Ledyard Sensei, I have a question about this subject. My Sensei, who studied under Saotome Sensei and Ikeda Sensei so you might know him, told me something once. Now, let me put my hands forward (an Italian saying) by saying I am a very beginner and usually beginners tend to accept notion given as absolute truth and that makes so that most of the time most of us tend to reason in 2 dimension. I don't mean we need to doubt what we are told, but we tend to put that piece of notion in a box and treasure it as only truth so that we always miss the surrounding of the box.
Sensei told me that, reasoning with the sphere, the harder the tension Uke puts into his attack the smaller will be the circular movement (or at least that's what I understood).
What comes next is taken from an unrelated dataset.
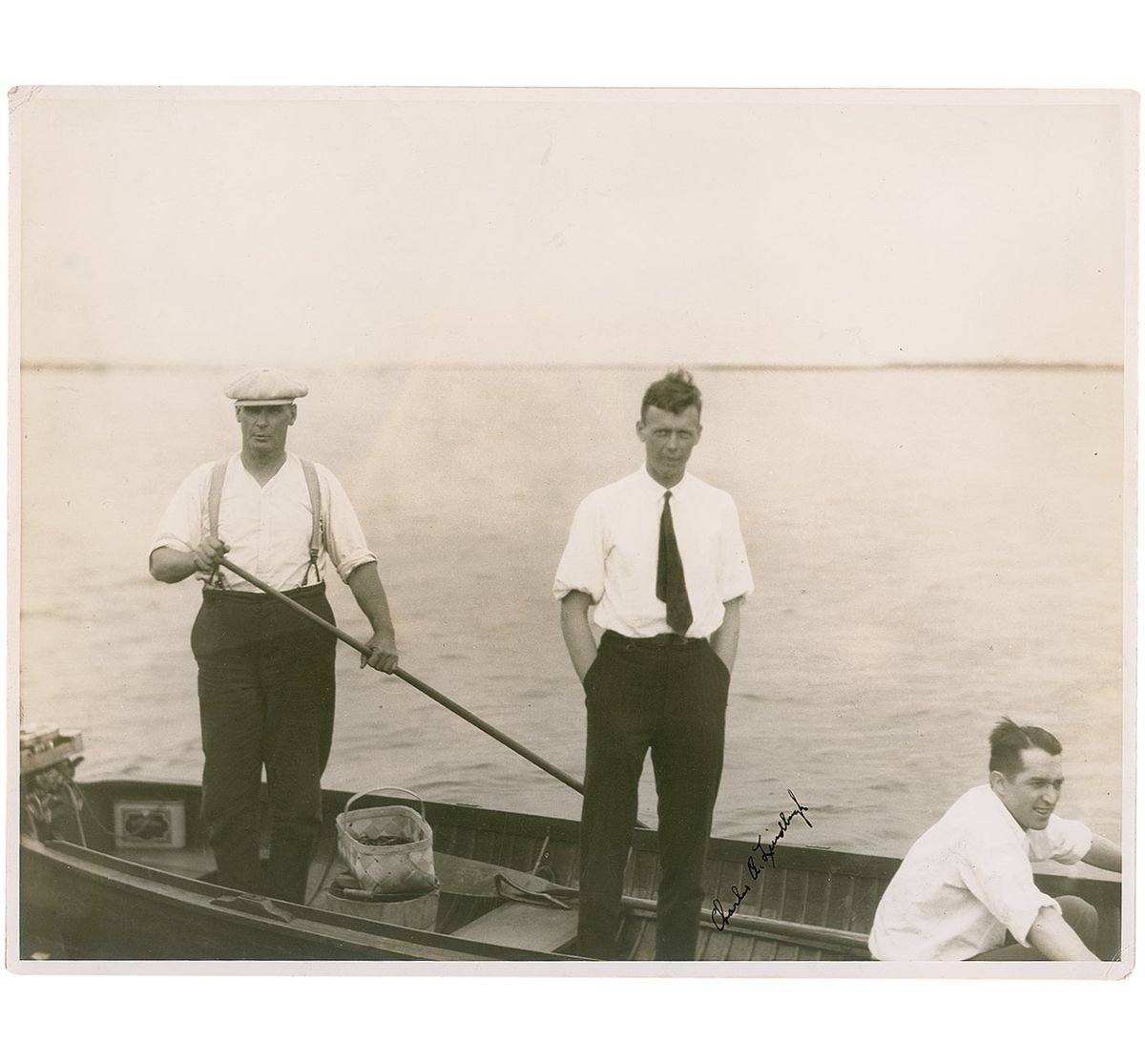 Vintage matte-finish 13.75 x 10.75 photo of a relaxed Lindbergh standing in a motorboat, his hands in his pockets, flanked by two other men, signed in fountain pen, “Charles A. Lindbergh.” In very good condition, with light creases to corner tips, some light silvering to darker areas of image and around signature, some slight discoloration to background, as well as some more noticeable spotting, visible mainly at an angle.
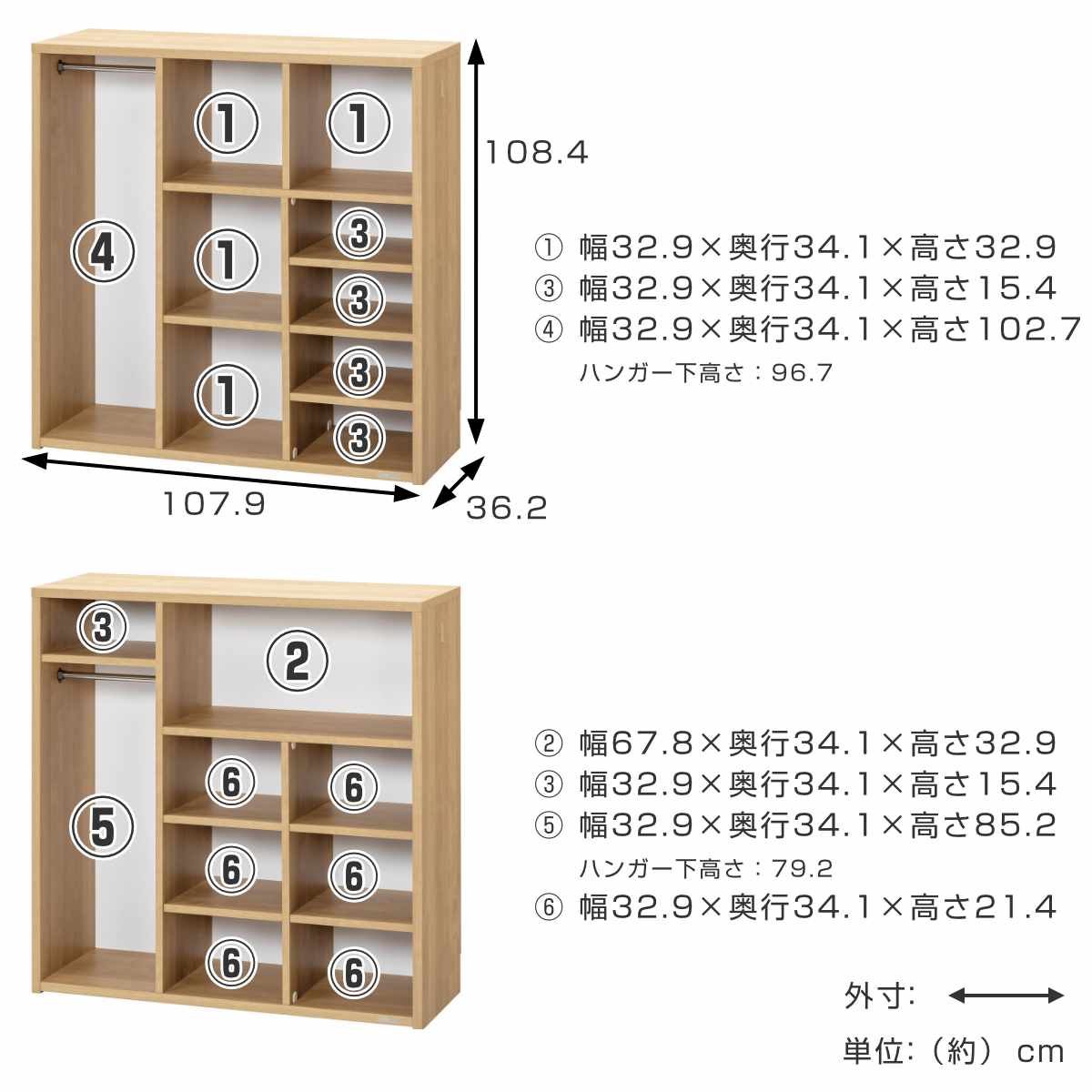 スクエアシェルフ 幅107.9cm 組み替え ハンガーバー付 日本製

While if the tension is minimal the sphere increase in size and the movement becomes bigger.
My question is: According to what I was told, does that mean that Saotome Sensei and Ikeda Sensei can throw Uke with such a small movement that can't be seen only if Uke creates an incredible strong and resisting attack?

Forgive me if I said a stupid thing....and don't blame my Sensei for my faults hee hee.
When things get compressed, they store energy. Really small technique has a lot of energy. If you are talking about grabbing attacks, it would be true that running a really small spiral movement would require a committed garb on the part of the attacker. Running that much energy through a weak connection would be like trying to run 20,000 volts through a wire designed for 12 volts.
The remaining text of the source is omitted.